Bayan'obo Mining District (Mongolian: , 白云鄂博矿区), or Baiyun-Obo or Baiyun'ebo, is a mining district in the west of Inner Mongolia, China. It is under the administration of Baotou City, the downtown of which is more than 120 km to the south.

The mines north of the town are the largest deposits of rare-earth elements yet found and, as of 2005, responsible for 45% of global rare-earth element production.
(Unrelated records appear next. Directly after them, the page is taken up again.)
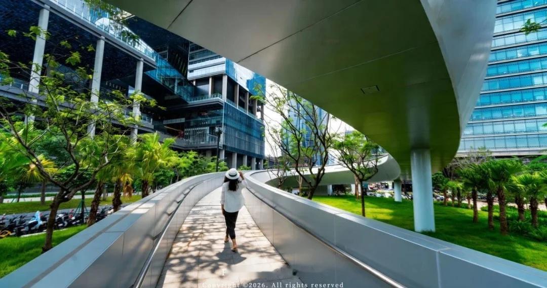 与草坪几步之遥的滨江立体公园,已成为最佳观景平台,空中连廊丝滑缝合商务区与珠江滨水空间,城市效率与生活诗意在此完美相融,互联网人在这里实现了“下楼即江景,举目皆风光”的日常理想。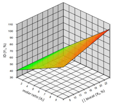 ![]() Figure 4. Response surface plot of degree of incorporation (ID) of capric acid as a function of grape seed oil/capric acid molar ratio and amount of immobilized biocatalyst in a stirred tank reactor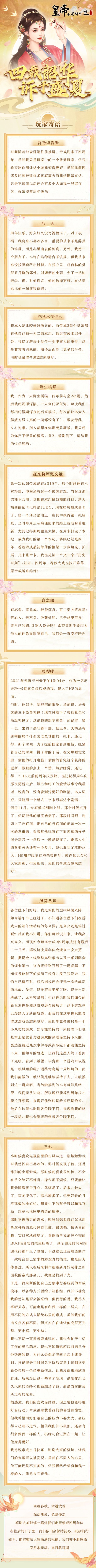 行文至此,感慨万千,正是这些镌刻于记忆深处的羁绊,才促成了帝成如今的模样,同时,为了庆贺《皇帝成长计划2》正式迎来了四周年庆,我们特地为圣上们准备了一些周年小福利,一同欢度庆~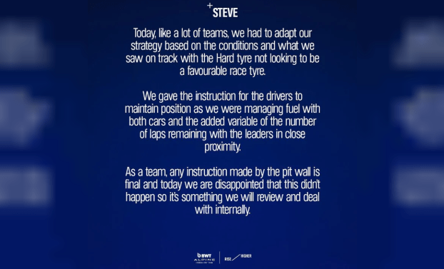 La escudería explicó que le dieron instrucciones a sus dos competidores para que mantuvieran la posición. Una frase que pone en apuros a Colapinto, quien desobedeció las indicaciones del equipo técnico de Alpine.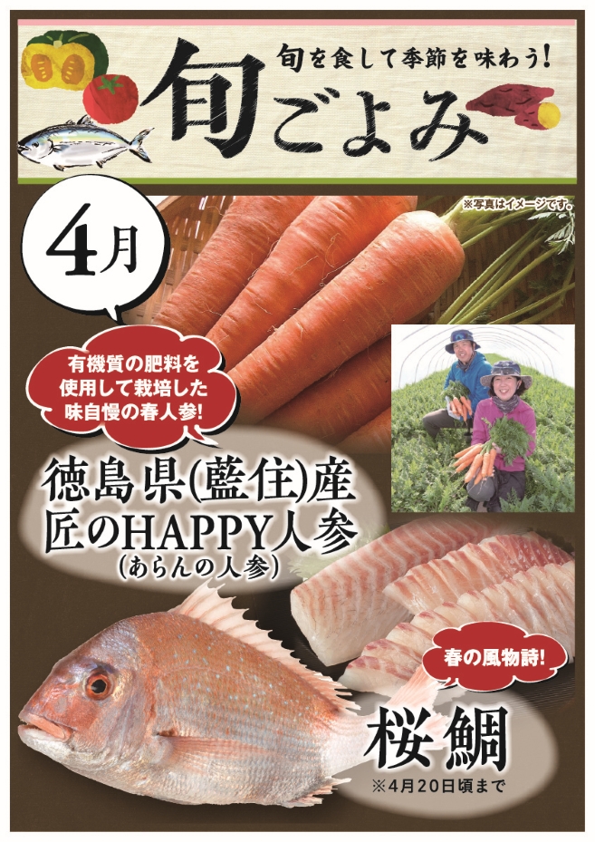 【旬ごよみ】徳島県(藍住)産匠のHAPPY人参/桜鯛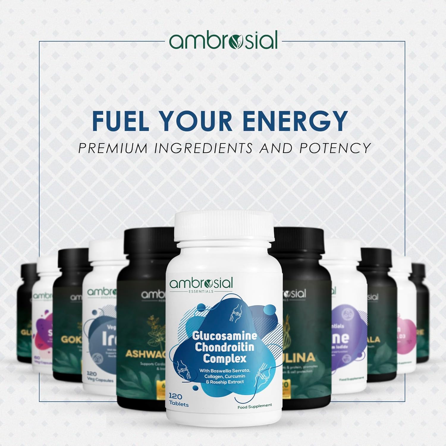 Ambrosial Glucosamine Chondroitin Joint Care Supplements for High Mobility & Flexibility | High Strength Glucosamine Chondroitin with Curcumin, Collagen, Boswellia & Rosehip Extracts | 120 Tablets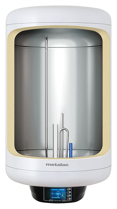 Электрический накопительный водонагреватель Metalac Sirius MB P120 Wi используется в местных системах водоснабжения для постоянного автономного обеспечения горячей водой одной или нескольких точек водоразбора таких как санитарные узлы, кухни в жилых и загородных частных домах, а также других бытовых и хозяйственных объектах. Модель оснащена внутренним баком, погружным трубчатым электронагревателем (ТЭНом) с фланцевым креплением, резьбовыми штуцерами для подвода холодной и выхода горячей воды, кабелем питания с вилкой и сенсорной панелью управления с цветным дисплеем. Вертикально ориентированный корпус цилиндрической формы выполнен из металла с антикоррозийным покрытием белого цвета, внутренний бак – из высококачественной медицинской нержавеющей стали AISI 316L с высоким содержанием хрома, никеля и молибдена, крышка – из черного пластика, ТЭН – из нержавеющей стали. В комплект поставки входят монтажный кронштейн, заводская упаковка, инструкция по эксплуатации и гарантийный талон. Особенности: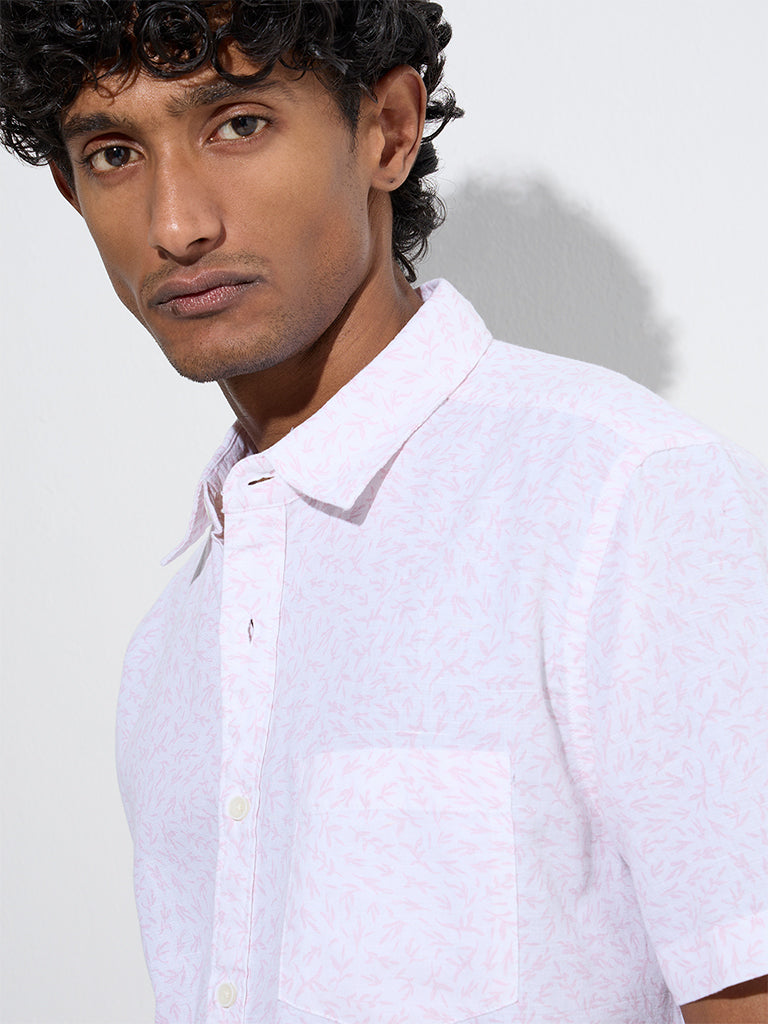 WES Casuals Pink Floral Relaxed-Fit Cotton-Blend Shirt

As of 2006, two circular open-pit mines are visible, as well as a number of tailings ponds and tailings piles. The mining site has doubled in size over 25 years, and new open-pit mines were opened to the west of the site as of 2013.

==Administrative divisions==
Bayan Obo Mining District is made up of 2 subdistricts.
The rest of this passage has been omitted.